Aug 12, 2002 Digest #085
..................................................

.....IN THIS DIGEST.....

======MODERATOR COMMENT =======

-=MT India & part timers=-

~Maj (Dr.) Amit Chatterjee, SM

=============NEW===============

-=Cease-fire is brought to you by?=-

~Saurabh Sinha
"influence of General Electric, not General Powell, that did the
trick."

-=HIPAA =-

~Murali Krishnan
"impact of HIPAA on our buisnesses"

===========BILLBOARD==============

-=Part timers?=-

~Asokan
------------------------------------------------------
ADVERTISEMENT:
------------------------------------------------------

Quality Control Manager - Bangalore

Position to be closed in 21 days.

Compensation :
4 to 5 years of experience with a reputed organisation:Rs.22,000/-
per month.
More than 5 years of Experience Rs. 25,000/- per month.
CMT with more than 5 years of experience Rs.28,000/- per month.

Position specification:
http://www.mtindia.org/acusis.htm

Send your CV to: hrdacusis@...

======MODERATOR COMMENT =======

Dear MTIDers,

As usual, I guess I have started something... :)

Please let me clarify, clarify, and clarify...

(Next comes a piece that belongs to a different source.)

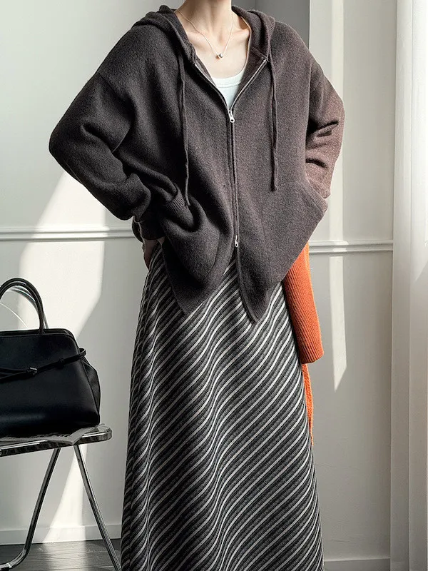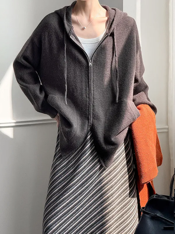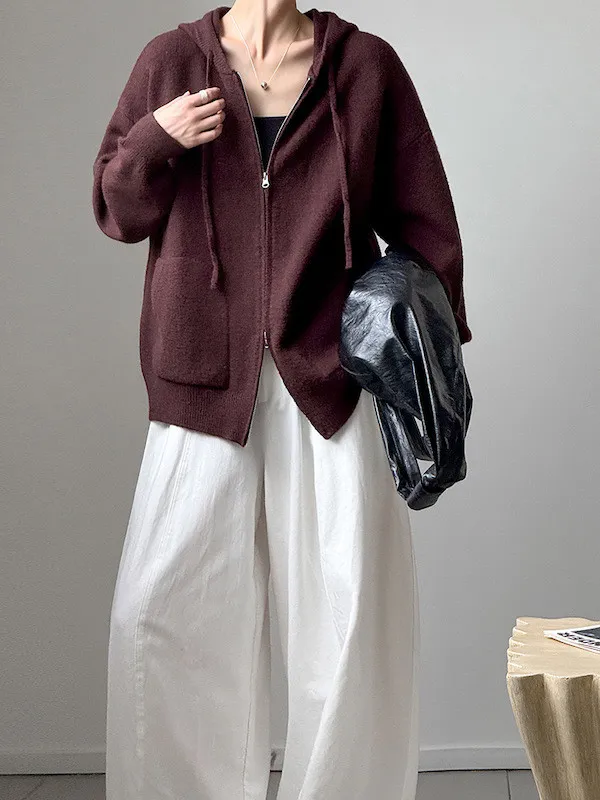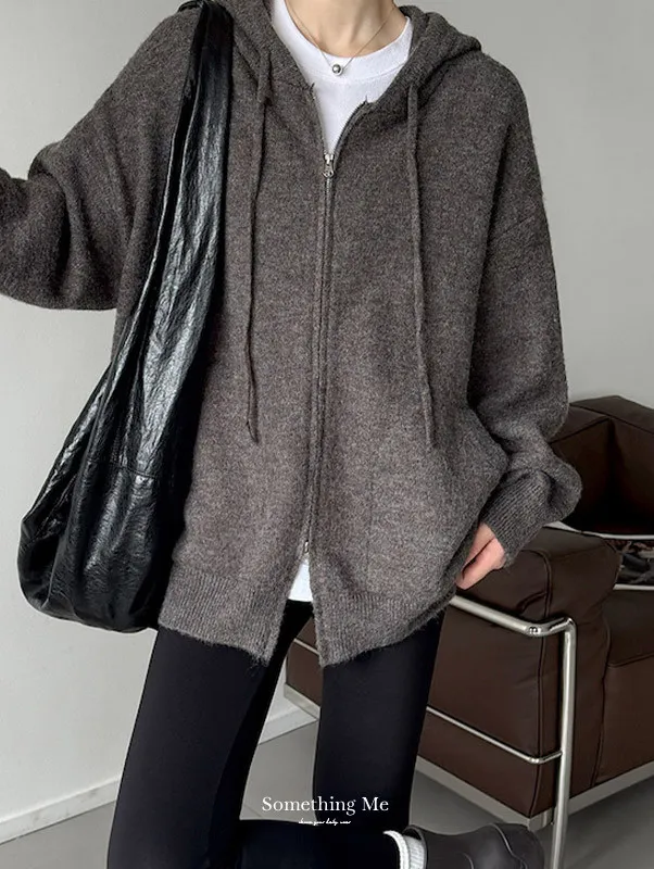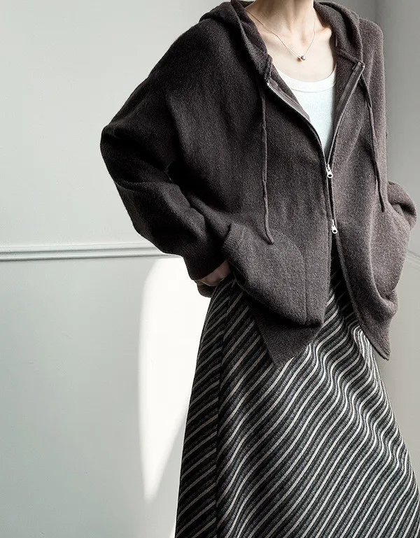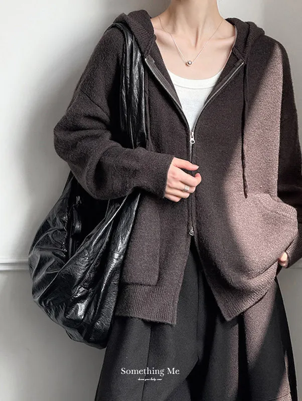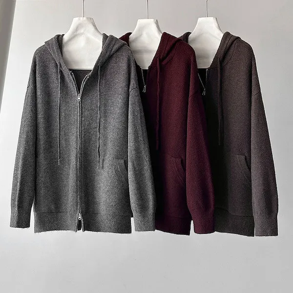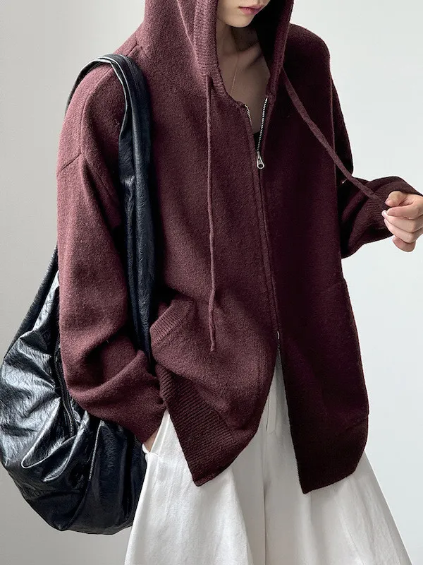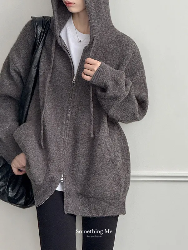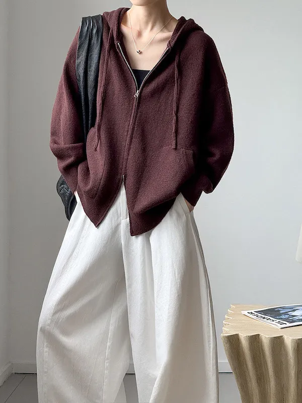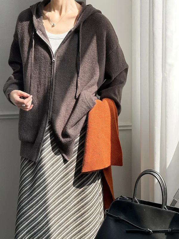 慵懶柔軟綿羊絨針織連帽外套 3色
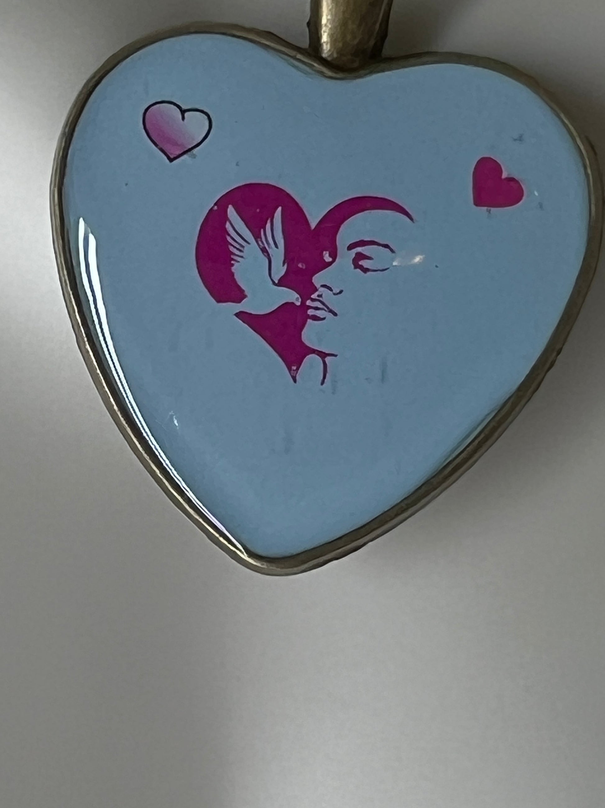 This heart shaped necklace features a light blue epoxy adorned with pink hearts, symbolizing breast cancer awareness. Make a statement and support a cause by wearing it. 50% of the profits will be donated to breast cancer awareness.

MTIndia or Mediweb are not MT service providers - we DO NOT have a
"work at home" position for you to do MT work from home. If our
advertisement sounded such, I apologize.

MTIndia is a vertical portal, catering to a niche segment - MT in
the Indian subcontinent. We do need professionals to create
content, advise, administer, educate. My experience tells me no
professional would devote to such endeavors full time - or else
he/she might stop being a professional! We are asking you to devote
your spare time towards such - and be reasonably compensated for
it - if our members are paying, I consider it fair that such
collections go to those who directly provide the service. Your
support could be at weekends, or say even an hour a day. But as I
have said earlier - I would need explicit clearance from your
employer.

I will also answer to Ashokan's post below in public, though I
answered him in private, for the benefit of all:

1) This is unlike any employment - we are just trying to reasonably
compensate anyone who is ready to devote personal time towards
community welfare, towards which the community is contributing.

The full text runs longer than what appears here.